Task directions: Under this line are the records; repeat exactly the lines starting at the one containing "Kids rolls the" and ending at the one containing "日前,精工钢构集团中标合肥新", omitting pictures.

═══ Provided entries ═══

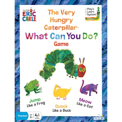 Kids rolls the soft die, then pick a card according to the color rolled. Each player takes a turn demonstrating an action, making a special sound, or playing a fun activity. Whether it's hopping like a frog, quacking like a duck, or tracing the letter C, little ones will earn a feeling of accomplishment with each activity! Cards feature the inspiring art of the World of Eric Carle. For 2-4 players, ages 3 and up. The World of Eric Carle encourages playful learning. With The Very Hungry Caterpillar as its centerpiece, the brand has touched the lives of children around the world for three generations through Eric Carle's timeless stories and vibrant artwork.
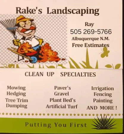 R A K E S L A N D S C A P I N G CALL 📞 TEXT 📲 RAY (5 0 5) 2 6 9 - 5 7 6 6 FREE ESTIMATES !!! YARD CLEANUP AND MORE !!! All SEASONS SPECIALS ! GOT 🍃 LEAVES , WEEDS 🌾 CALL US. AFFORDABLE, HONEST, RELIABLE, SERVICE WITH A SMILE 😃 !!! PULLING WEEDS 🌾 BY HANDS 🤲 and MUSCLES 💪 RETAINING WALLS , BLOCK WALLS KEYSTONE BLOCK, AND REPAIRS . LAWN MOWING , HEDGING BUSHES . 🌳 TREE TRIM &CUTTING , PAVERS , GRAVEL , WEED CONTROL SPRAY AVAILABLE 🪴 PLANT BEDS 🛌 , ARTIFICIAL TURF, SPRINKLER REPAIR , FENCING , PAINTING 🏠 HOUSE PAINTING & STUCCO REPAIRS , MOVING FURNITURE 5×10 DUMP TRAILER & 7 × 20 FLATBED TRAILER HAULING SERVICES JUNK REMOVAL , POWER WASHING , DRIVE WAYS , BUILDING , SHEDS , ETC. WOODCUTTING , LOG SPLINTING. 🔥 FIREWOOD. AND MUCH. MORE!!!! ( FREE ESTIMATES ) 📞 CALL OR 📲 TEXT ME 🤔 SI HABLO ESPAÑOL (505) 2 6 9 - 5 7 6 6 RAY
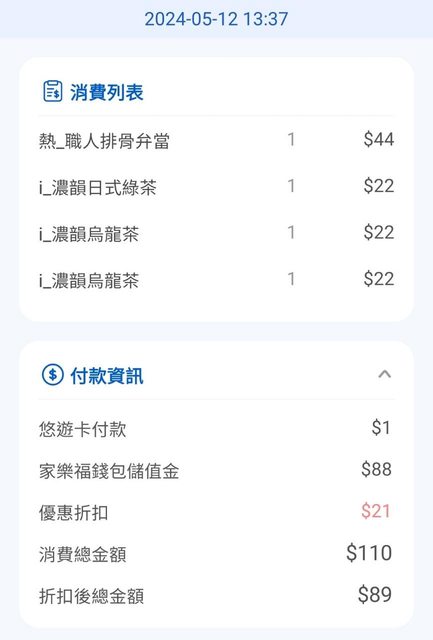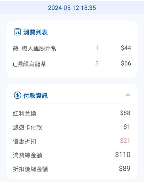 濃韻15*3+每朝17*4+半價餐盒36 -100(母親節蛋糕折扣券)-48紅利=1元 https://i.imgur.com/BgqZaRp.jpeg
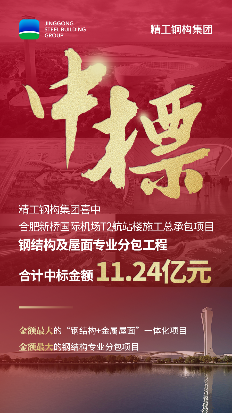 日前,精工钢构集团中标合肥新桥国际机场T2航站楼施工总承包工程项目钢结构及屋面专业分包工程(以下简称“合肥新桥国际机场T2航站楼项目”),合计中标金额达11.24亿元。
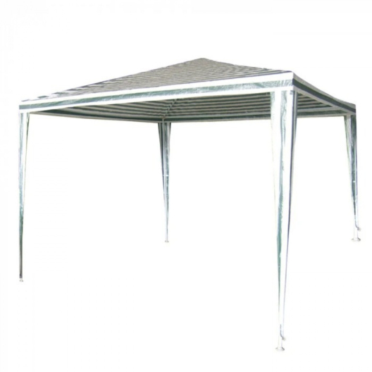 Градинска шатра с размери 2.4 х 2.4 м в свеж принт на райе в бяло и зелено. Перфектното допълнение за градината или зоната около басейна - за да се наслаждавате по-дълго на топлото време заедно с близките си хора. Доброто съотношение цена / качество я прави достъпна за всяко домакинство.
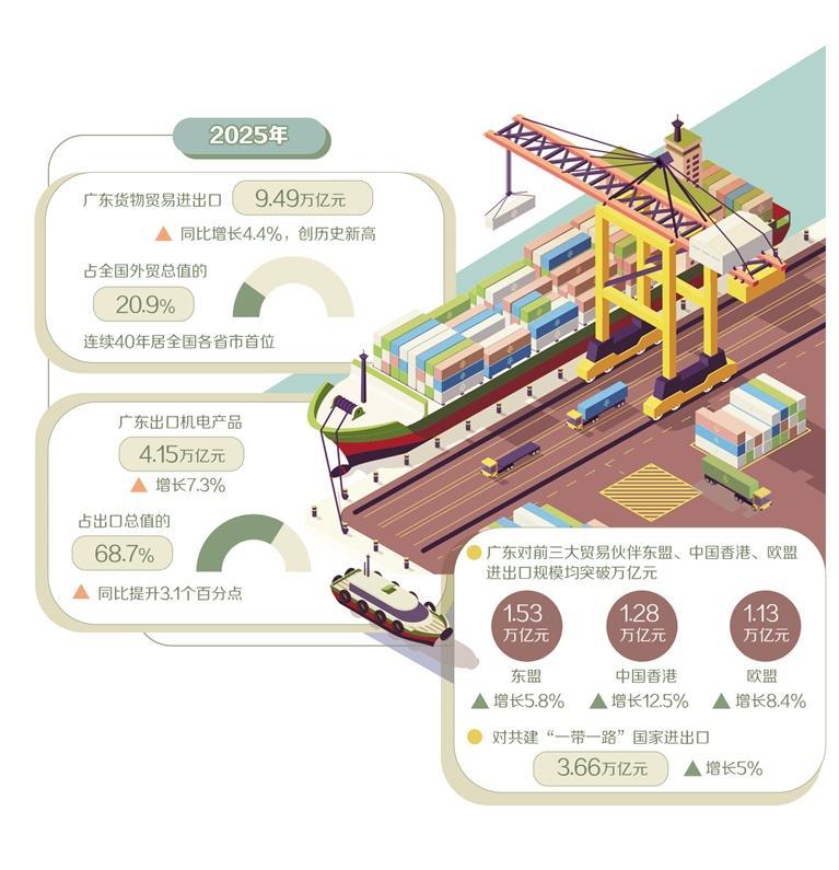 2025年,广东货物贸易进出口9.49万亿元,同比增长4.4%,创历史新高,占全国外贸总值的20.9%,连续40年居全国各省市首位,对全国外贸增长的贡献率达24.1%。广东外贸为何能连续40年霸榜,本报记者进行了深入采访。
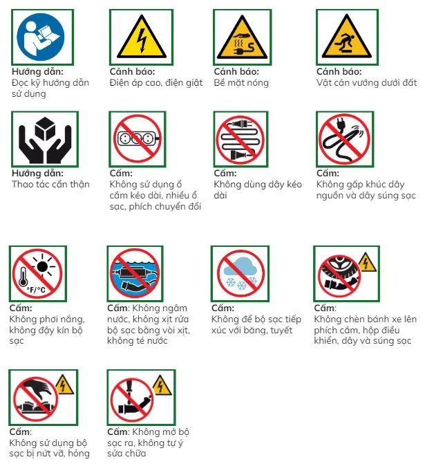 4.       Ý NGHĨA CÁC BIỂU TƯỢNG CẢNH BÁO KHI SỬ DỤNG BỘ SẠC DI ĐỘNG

═══
═══ Provided entries ═══

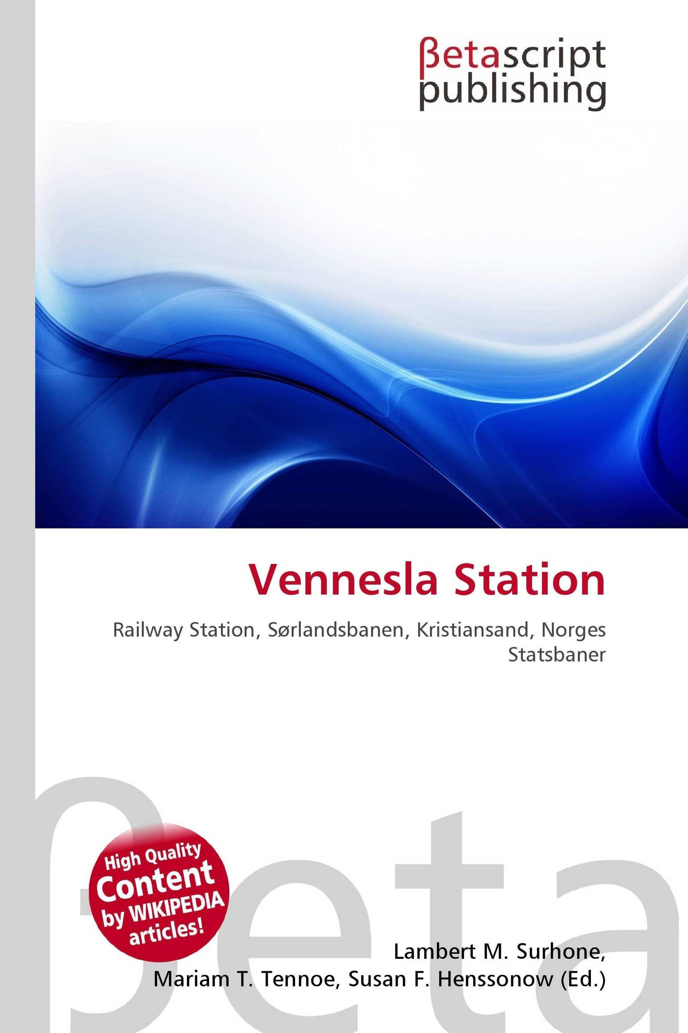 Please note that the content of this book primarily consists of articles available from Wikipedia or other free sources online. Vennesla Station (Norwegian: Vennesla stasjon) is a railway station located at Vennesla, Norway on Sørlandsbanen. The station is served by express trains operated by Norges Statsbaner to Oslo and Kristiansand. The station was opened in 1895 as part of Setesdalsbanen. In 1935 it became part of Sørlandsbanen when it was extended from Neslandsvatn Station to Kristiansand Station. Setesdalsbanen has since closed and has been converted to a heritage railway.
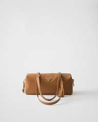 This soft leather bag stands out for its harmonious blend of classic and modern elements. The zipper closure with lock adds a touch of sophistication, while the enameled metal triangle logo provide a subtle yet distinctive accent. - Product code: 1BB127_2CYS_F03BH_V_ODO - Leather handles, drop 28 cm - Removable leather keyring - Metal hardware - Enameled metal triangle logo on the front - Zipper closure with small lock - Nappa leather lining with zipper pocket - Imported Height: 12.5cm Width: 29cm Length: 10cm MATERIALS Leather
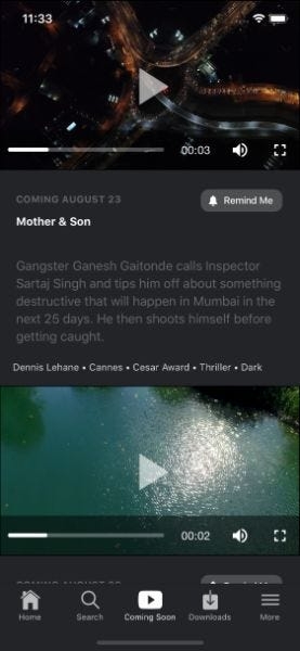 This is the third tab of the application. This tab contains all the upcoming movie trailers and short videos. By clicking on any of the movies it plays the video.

═══

Completed task:
 Kids rolls the soft die, then pick a card according to the color rolled. Each player takes a turn demonstrating an action, making a special sound, or playing a fun activity. Whether it's hopping like a frog, quacking like a duck, or tracing the letter C, little ones will earn a feeling of accomplishment with each activity! Cards feature the inspiring art of the World of Eric Carle. For 2-4 players, ages 3 and up. The World of Eric Carle encourages playful learning. With The Very Hungry Caterpillar as its centerpiece, the brand has touched the lives of children around the world for three generations through Eric Carle's timeless stories and vibrant artwork.
 R A K E S L A N D S C A P I N G CALL 📞 TEXT 📲 RAY (5 0 5) 2 6 9 - 5 7 6 6 FREE ESTIMATES !!! YARD CLEANUP AND MORE !!! All SEASONS SPECIALS ! GOT 🍃 LEAVES , WEEDS 🌾 CALL US. AFFORDABLE, HONEST, RELIABLE, SERVICE WITH A SMILE 😃 !!! PULLING WEEDS 🌾 BY HANDS 🤲 and MUSCLES 💪 RETAINING WALLS , BLOCK WALLS KEYSTONE BLOCK, AND REPAIRS . LAWN MOWING , HEDGING BUSHES . 🌳 TREE TRIM &CUTTING , PAVERS , GRAVEL , WEED CONTROL SPRAY AVAILABLE 🪴 PLANT BEDS 🛌 , ARTIFICIAL TURF, SPRINKLER REPAIR , FENCING , PAINTING 🏠 HOUSE PAINTING & STUCCO REPAIRS , MOVING FURNITURE 5×10 DUMP TRAILER & 7 × 20 FLATBED TRAILER HAULING SERVICES JUNK REMOVAL , POWER WASHING , DRIVE WAYS , BUILDING , SHEDS , ETC. WOODCUTTING , LOG SPLINTING. 🔥 FIREWOOD. AND MUCH. MORE!!!! ( FREE ESTIMATES ) 📞 CALL OR 📲 TEXT ME 🤔 SI HABLO ESPAÑOL (505) 2 6 9 - 5 7 6 6 RAY
 濃韻15*3+每朝17*4+半價餐盒36 -100(母親節蛋糕折扣券)-48紅利=1元 https://i.imgur.com/BgqZaRp.jpeg
 日前,精工钢构集团中标合肥新桥国际机场T2航站楼施工总承包工程项目钢结构及屋面专业分包工程(以下简称“合肥新桥国际机场T2航站楼项目”),合计中标金额达11.24亿元。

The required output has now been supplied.